C++ parameter pack, constrained to have instances of a single type?

Question

Since C++11 we can make template functions which can accept any sequence of arguments:

template <typename... Ts>
void func(Ts &&... ts) {
   step_one(std::forward<Ts>(ts)...);
   step_two(std::forward<Ts>(ts)...);
}

However, suppose that it really only makes sense to call my function in the case where each argument has the same type -- any number of arguments would be okay though.

What's the best way to do that, i.e. is there a good way to constrain the templates to make a nice error message in that case, or ideally, eliminate func from participating in overload resolution when the arguments don't match?

---

I can make it really concrete if it helps:

Suppose I have some struct:

struct my_struct {
  int foo;
  double bar;
  std::string baz;
};

Now, I want to be able to do things like, print the members of the struct for debugging purposes, serialize and deserialize the struct, visit the members of the struct in sequence, etc. I have some code to help with that:

template <typename V>
void apply_visitor(V && v, my_struct & s) {
  std::forward<V>(v)("foo", s.foo);
  std::forward<V>(v)("bar", s.bar);
  std::forward<V>(v)("baz", s.baz);
}

template <typename V>
void apply_visitor(V && v, const my_struct & s) {
  std::forward<V>(v)("foo", s.foo);
  std::forward<V>(v)("bar", s.bar);
  std::forward<V>(v)("baz", s.baz);
}

template <typename V>
void apply_visitor(V && v, my_struct && s) {
  std::forward<V>(v)("foo", std::move(s).foo);
  std::forward<V>(v)("bar", std::move(s).bar);
  std::forward<V>(v)("baz", std::move(s).baz);
}

(It looks a bit laborious to generate code like this, but I made a small library some time ago to help with that.)

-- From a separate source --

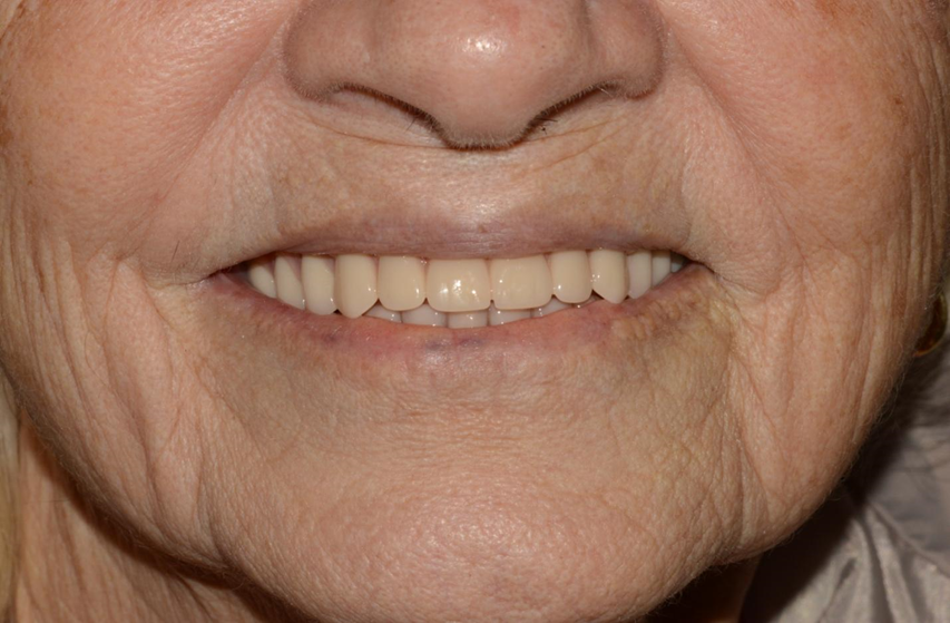 Foto 7 – Fotografia extraoral do sorriso da paciente reabilitada com a prótese protocolo.

So, now I would like to extend it so that it can visit two instances of my_struct at the same time. The use of that is, what if I want to implement equality or comparison operations. In boost::variant documentation they call that "binary visitation" as contrasted with "unary visitation".

Probably, no one will want to do more than binary visitation. But suppose I want to do like, general n-ary visitation. Then, it looks like this I guess

template <typename V, typename ... Ss>
void apply_visitor(V && v, Ss && ... ss) {
  std::forward<V>(v)("foo", (std::forward<Ss>(ss).foo)...);
  std::forward<V>(v)("bar", (std::forward<Ss>(ss).bar)...);
  std::forward<V>(v)("baz", (std::forward<Ss>(ss).baz)...);
}

But now, it's getting a little more squirrelly -- if someone passes a series of types that aren't even the same structure type at all, the code may still compile and do something totally unexpected by the user.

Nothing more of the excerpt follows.